Recently I’ve stumbled on issue where the clustered shared volumes on Hyper-V cluster were put in redirected access. But this doesn’t happens by itself. Here is how the issue appeared and how it was resolved.
I support 5 node Hyper-V cluster which have 5 clustered shared volumes and quorum disk. It all began when there was some minor interruption in SAN storage service. Even though Storage team didn’t detect issues this interception was detected by all servers that had LUNs connected to that storage so not only the Hyper-v cluster was the affected one. After the storage issue was fixed we noticed that there were several alerts related to the cluster’s nodes in SCOM. The description of the alerts was the following:
Cluster Shared Volume ‘Volume1′ (Volume1’) is no longer directly accessible from this cluster node. I/O access will be redirected to the storage device over the network through the node that owns the volume. This may result in degraded performance. If redirected access is turned on for this volume, please turn it off. If redirected access is turned off, please troubleshoot this node’s connectivity to the storage device and I/O will resume to a healthy state once connectivity to the storage device is reestablished.
There was separate alert for every CSV on the cluster. At first I tried to return one of the CSV’s to normal state by going in the Failover Cluster Manager console->Cluster Shared Volumes->Right click on one of the volumes->More Actions->Turn on redirected access for this Cluster shared volume.
This didn’t work out. The command stared execution but later it timed out and I cancelled it. So I searched in Bing to find more information about the problem.
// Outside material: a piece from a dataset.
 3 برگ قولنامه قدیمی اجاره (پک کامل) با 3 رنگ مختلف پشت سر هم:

And I found the following article:
The article was clear statement that this issue was caused by storage connectivity issue. After some more granular investigation I noticed that on one of the nodes in the cluster the LUNs were not present in the Disk Management console. And because one of the nodes didn’t had this configuration the cluster was not fully healthy and in order to preserve it’s integrity forced itself to work in redirected access mode. Because of that all the virtual machines on the cluster were still up and running.
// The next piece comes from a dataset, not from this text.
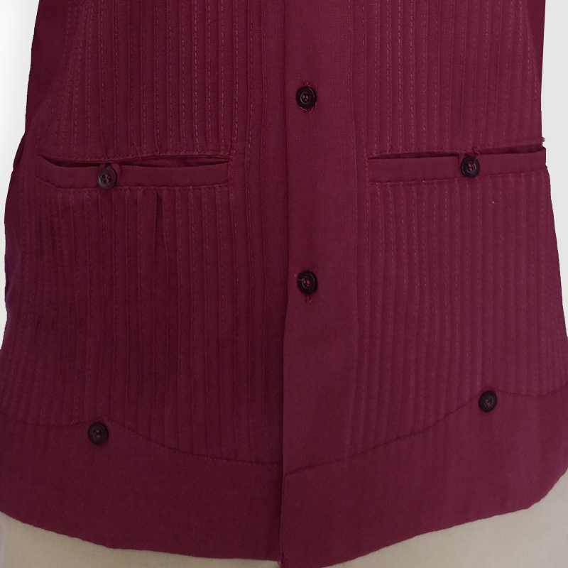 La guayabera bordeaux allie la sophistication du style latino à une touche contemporaine. Son ton profond et raffiné, entre rouge et vin, évoque l’élégance discrète et le caractère affirmé de l’homme moderne.

In such situation I had two choices to resolve the issue:
- Restart the server and see if disk configuration will return
- Add the LUNs to the server again
I decided to go with the first option because it was more easy for execution and I could always rely on option 2 if 1 was unsuccessful. I’ve put the faulty node in maintenance mode in Virtual Machine Manager and in Operations Manager. All virtual machines were migrated and I restarted the server. After the server was up and running again the configuration in Disk Manager was back and all CSV’s were no longer I redirected access mode. I’ve stopped maintenance mode in VMM and the node was back on the cluster.
I suspect why exactly this node lost its disk configuration during the Storage service interruption: of all 5 nodes in the cluster only this one had different HBA cards than the other four. But of course this would never happened if Storage service didn’t had issues that day.
P.S. The screenshot was copied from the mentioned article.